In Singapore, a university partnership has developed a robotic system that can paint and wash the exterior of high-rise buildings.
Robotic technology is increasingly being developed to help people avoid dangerous situations. Good examples of innovations doing just that are these drone-mounted lights that follow users, lighting their journey in areas without street lamps. Similarly, is this equipment designed for firefighters which, amongst other things, contains a device designed to improve navigation in smoke-filled buildings through vibrations and thermal imaging. Now, OutBot is a robot that paints high-rise buildings.
OutoBot is a response to Singapore’s Housing & Development Board’s (HDB) recent call for proposals to automate the painting of its high-rise buildings. The innovation increases efficiency and enhances worker safety. Normally, painting a building requires a minimum of five people. This includes one on the ground, one on the roof, and three in the gondola that moves up and down the face of the structure. Contrastingly, OutBot just needs a ground-based operator and a safety officer.

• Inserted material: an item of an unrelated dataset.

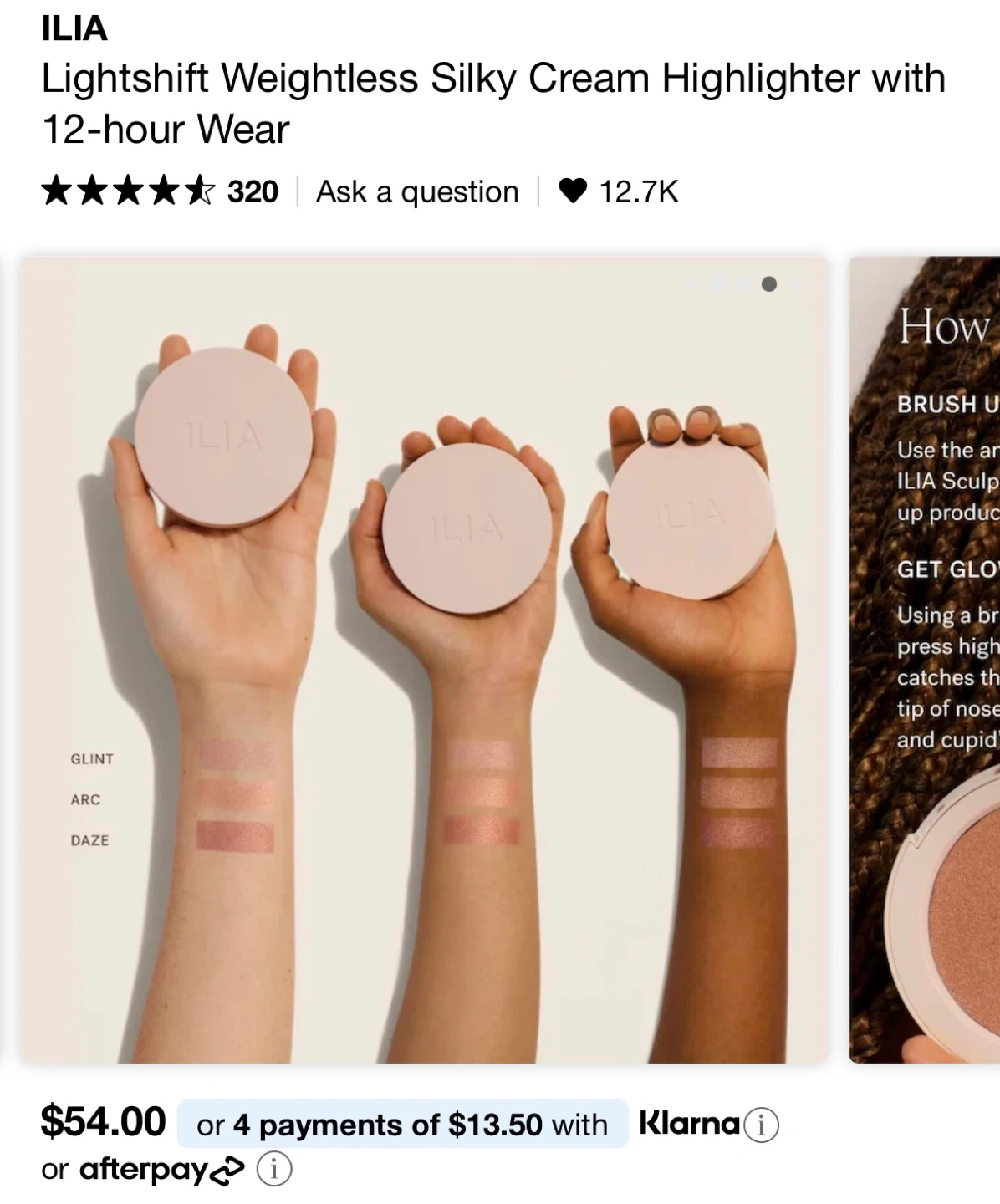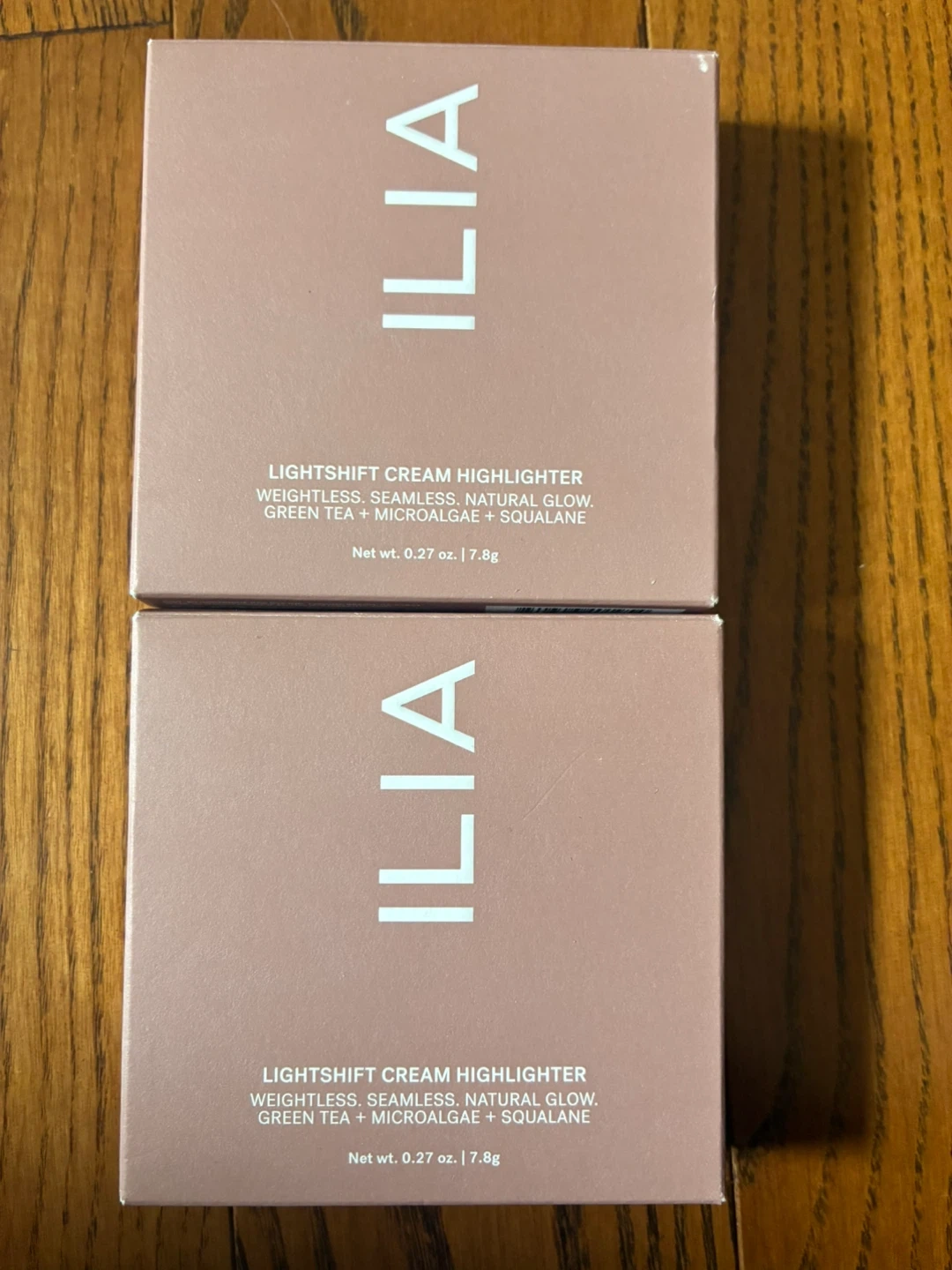 ILIA Lightshift Cream Highlighters in shades Glint and Daze. Each is weightless and provides a seamless, natural glow. Net wt. 0.27 oz. / 7.8g each.

Here is how it works: a camera-guided robotic arm mounted on its own special gondola, moves a spray nozzle back and forth across the building’s surface. The nozzle delivers a high-pressure jet of paint, avoiding windows as it goes. The advantages of OutBot are many. It requires fewer people, there is no danger of falling and it doesn’t have to take breaks. It also applies a more consistent coat and uses approximately 20 percent less paint to do so.
Developed as a partnership between ELID Technology International and Nanyang Technological University (NTU), the robot can also be used to clean high-rise buildings. With so many advantages, could this technology be applied more widely in the construction industry?